Xikar X8, as sharp as the day I bought it over a year ago


----------



## Smokin'Joe (Jan 28, 2013)

mphxaz said:


> Cuban Crafters Perfect Cutter. Works every time and doesn't break the bank.


+1

And it comes with a lifetime warranty.

Absolutely perfect every time!


----------



## TonyBrooklyn (Jan 28, 2010)

Palio!


----------



## asmartbull (Aug 16, 2009)

While my Palio is my Fav, I find myself reaching for my 11mm xikar punch a lot lately....


----------



## Tman (Sep 12, 2010)

Xikar X8. If only Palio worked as well as it looked, I wouldn't need anything else!


----------



## Cigar Guru (Dec 22, 2012)

Cuban Crafters Perfect Cutter


----------



## The Nothing (Mar 22, 2013)

I also have a cuban crafters perfect cutter, but I've found that when I'm at my local lounge, I'm always reaching for their punch instead.


----------



## atbat16 (Feb 6, 2013)

TonyBrooklyn said:


> Palio!


x2 - never have a problem and always a clean cut


----------



## The Nothing (Mar 22, 2013)

Anyone try the Shuriken?


----------



## concig (Mar 25, 2013)

Punch cutter most of the time especially for robustos :noidea: and guillotine for torpedos.


----------



## Desmo (Feb 16, 2013)

Mostly used cheapie two finger guillotine cutters over the years, but I recently picked up a Xikar Xi1 cutter. Man, that thing is nice!

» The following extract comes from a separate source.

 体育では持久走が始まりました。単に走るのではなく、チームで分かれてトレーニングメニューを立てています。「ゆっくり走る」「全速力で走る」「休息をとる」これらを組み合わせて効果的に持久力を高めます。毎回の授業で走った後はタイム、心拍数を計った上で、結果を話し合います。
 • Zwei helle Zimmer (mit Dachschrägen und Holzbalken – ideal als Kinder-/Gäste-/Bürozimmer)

My Xikar lighter has a punch built in, and while I have yet to use it, the gentleman that I lent it to a week ago said it worked well. I have a few large ring dia. cigars that wont fit into my new Xi1, so I'll have to try a punch on them.


----------



## Ammo-Ed (Jul 1, 2012)

I voted for the punch because I have one on the end of my lighter. (Dual jet flame, love that thing right now). But I typically use my scissors, I can skim the wrapper right off with those.


----------



## TheGipper (Jun 13, 2004)

Thanks for the tip on the Cuban Crafters Perfect Cutter. Might have to get one for my poor buddy who always seems to cut too much.


----------



## Wanger (Mar 25, 2013)

I always rely on my V cutters. Got a Xikar and a Colibri.

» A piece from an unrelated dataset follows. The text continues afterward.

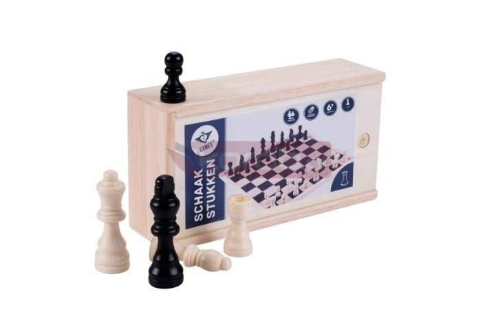 32 figury szachowe w pudełku z drewna jesionowego. Figury szachowe są czarne i mają naturalny kolor. Wysokość króla: 77 mm. Zestaw nie zawiera planszy
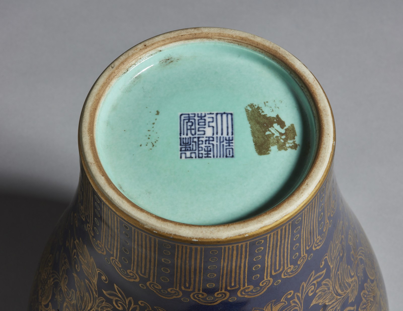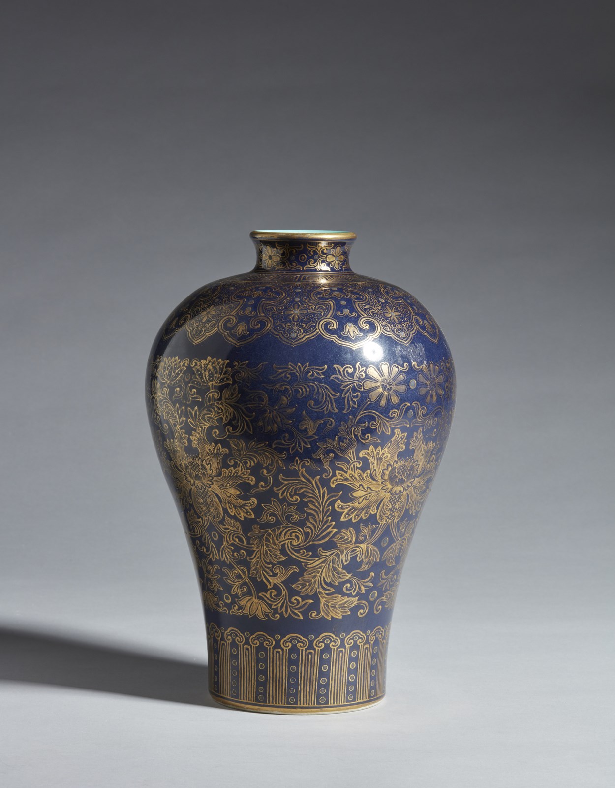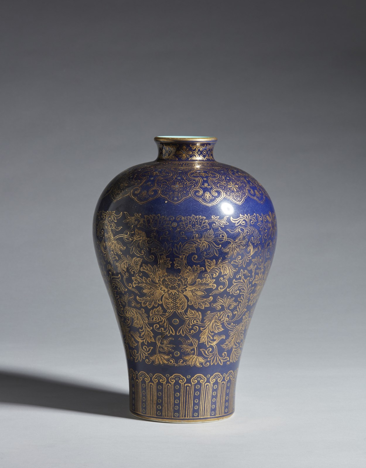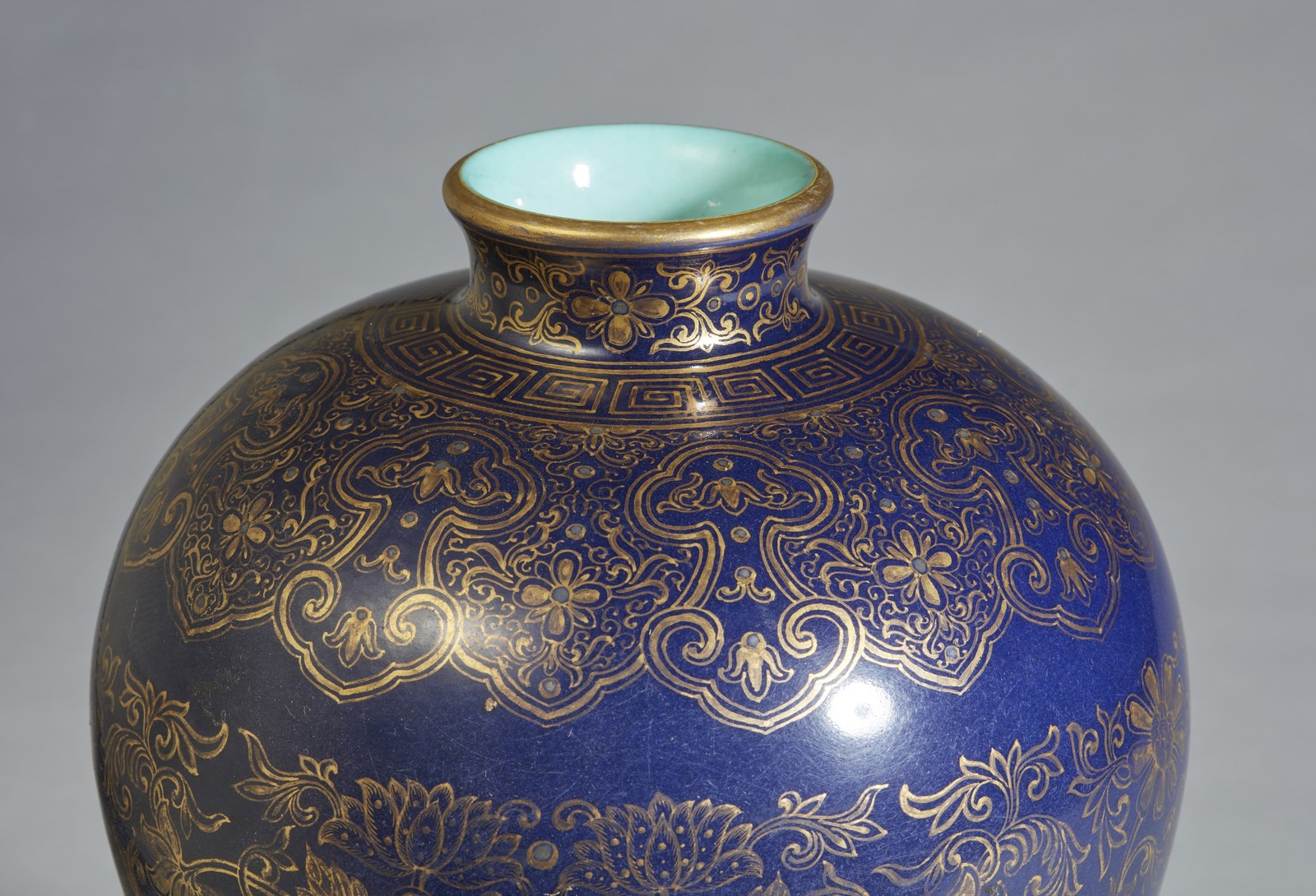 Arte Cinese - Meiping con decorazione dorata su sfondo blu Cina, XIX secolo .

Hate to admit this but I've never tried a punch cutter lol. Theres one on the end of my Xikar lighter, gonna have to give it a go soon.


----------



## orion1 (Sep 18, 2012)

I have both Palio and Xikar. Since I can't decide which one I like the best, I use both; whichever I grab first.


----------



## mphxaz (Jul 19, 2012)

TheGipper said:


> Thanks for the tip on the Cuban Crafters Perfect Cutter. Might have to get one for my poor buddy who always seems to cut too much.


I've been using my stainless steel CC Perfect Cutter every day for over two years and it still cuts like it was brand new. May have to use it twice on some torpedos but it gives a perfect cut every time. Easily one of the best $15 I've spent. Your buddy will be a happy camper! :ss


----------



## Anthony Johnson (Jan 23, 2007)

I generally punch it with a golf tee. But then again, I don't usually smoke torpedo.


----------



## Ahab (Mar 16, 2013)

I prefer my v-cutter, but do also use the grip guillotine quite often as well


----------



## TheGipper (Jun 13, 2004)

mphxaz said:


> I've been using my stainless steel CC Perfect Cutter every day for over two years and it still cuts like it was brand new.

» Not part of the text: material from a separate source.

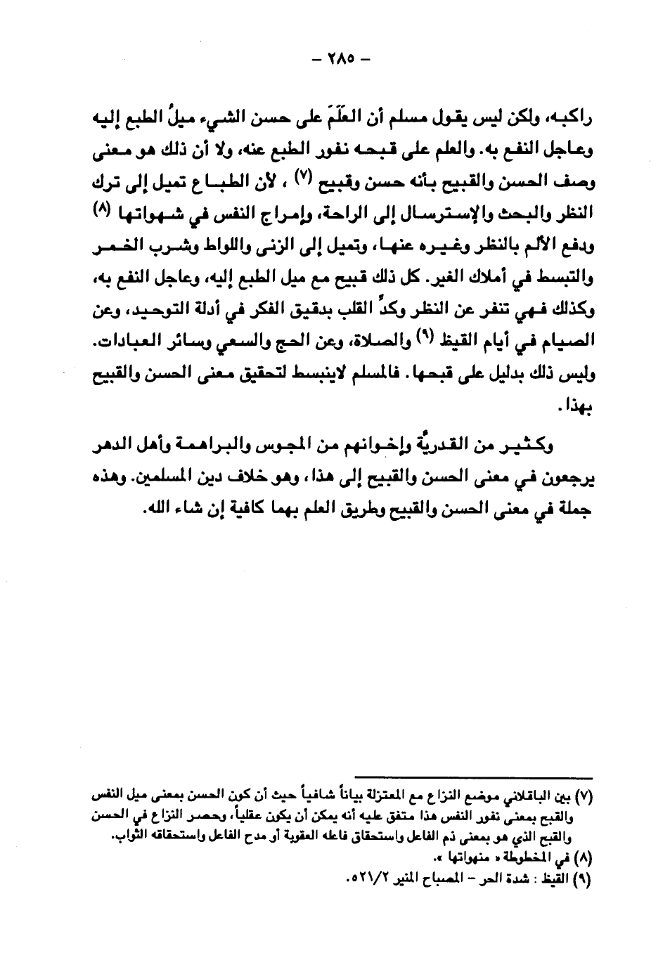 وكثير من القدرية وإخوانهم من المجوس والبراهمة وأهل الدهر يرجعون في معنى الحسن والقبيح إلى هذا, وهو خلاف دين المسلمين, وهذه جملة في معنى الحسن والقبيح وطريق العلم بهما كافية إن شاء الله.
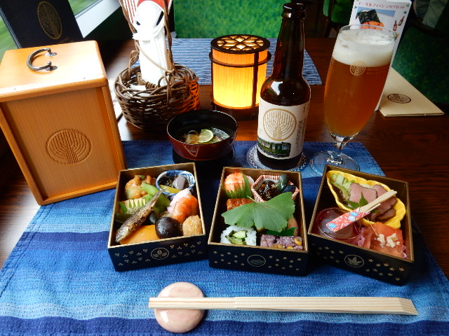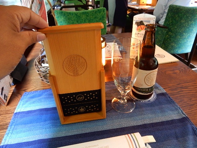 ランチョンマットも藍染めの御当地物で、飲み物は地ビールが注文

Hmm, maybe I'll order two if they're that good - one for myself also.


----------



## HTML5 Gordon (Jan 5, 2013)

The Nothing said:


> Anyone try the Shuriken?
> 
> View attachment 43529


Do *NOT* buy one of these... Absolutely horrible. You're better off just trying to smoke an uncut cigar - it is about the same experience.

I still have one somewhere... Totally useless product in my opinion.


----------



## T3Hunter (Mar 12, 2013)

I want to change my vote. Since I got my Cuban Crafters stainless steel perfect cutter my punch has been awfully lonely. The new cutter works great and feels solid in the hand. As someone mentioned earlier, you may have to do two snips on a torpedo to get the right draw.

It cuts clean every time with no tearing, and I don't have to worry about cutting too far up the cap.


----------



## sjcruiser36 (Dec 20, 2012)

Cuban Crafter Perfect Cutter. I haven't put in down since I opened the box, unless I'm using a punch for infused sticks.


----------



## payednfull (Apr 9, 2013)

Mine is a cheapie 2-finger (the only one I have)...for now. The CC perfect cutter sounds like a great cutter.


----------



## Isaac (Jan 3, 2013)

I think I have decided on the grip for most and a punch for delicate wrappers.


----------



## Air (Apr 15, 2013)

I have a Colibri Grip Cutter, I got it new for 12 bucks and absolutely love it! It looks and feels well made, it also cuts cigars flawlessly.


----------



## CheapHumidors (Aug 30, 2007)

Khozar said:


> I've done this and it actually does work surprisingly well.
> 
> But I voted for punch, I love using it and I find I reach for it the most.


Woohoo! I was shocked to see that we punch users were a minority!


----------



## Isaac (Jan 3, 2013)

Isaac said:


> I think I have decided on the grip for most and a punch for delicate wrappers.


Actually, Im starting not to like my colibri grip. Been unraveling alot of caps. Ill try honing the blades before I give it up. My cheapies were working better!


----------



## Shemp75 (May 26, 2012)

what would the xikar multi tool fall under?


----------



## DragonBreath (Apr 21, 2013)

I've got a beautiful Cuban Crafters 2 finger cutter with card suit designs on it. Never let me down!


----------



## Goblins27 (May 4, 2013)

+1 on the Perfect Cutter. Amazing since the day I bought it over a year ago. And a steal at only $12!! But has anyone else had any experience with Cuban Crafters warranty? I sent back their scissors because they kept getting stuck. About a month later they sent me a cheap crappy multi-tool instead of a replacement. So I sent that back about 5 months ago, and still haven't gotten anything back. So in my opinion, if warranty is a big deal to you, go with a Xikar. Best warranty service I've ever dealt with. Anybody else have an opinion on this?


----------



## demuths1770 (Jan 2, 2014)

really like the punch easy to carry but now that i have two drew estate perfect cutters i use them at home. they will probably only get used at drew estate events lol.


----------



## Trackmyer (Jun 6, 2014)

My goto is a Xikar Room 101 Xi1. It has proven itself extremely durable, keeps very sharp cutting edges, and has been a joy to use.


----------



## Ky70 (Aug 21, 2012)

Lately been loving the caseti cutter


----------



## PaintSnipher (May 27, 2014)

Love my xikar Xi2. Always a clean cut.


----------



## demuths1770 (Jan 2, 2014)




----------



## puffsNstuff (Jun 6, 2014)

xikar mtx


----------



## SeanTheEvans (Dec 13, 2013)

It's insane that so few people vote for V-Cutters:crazy:


----------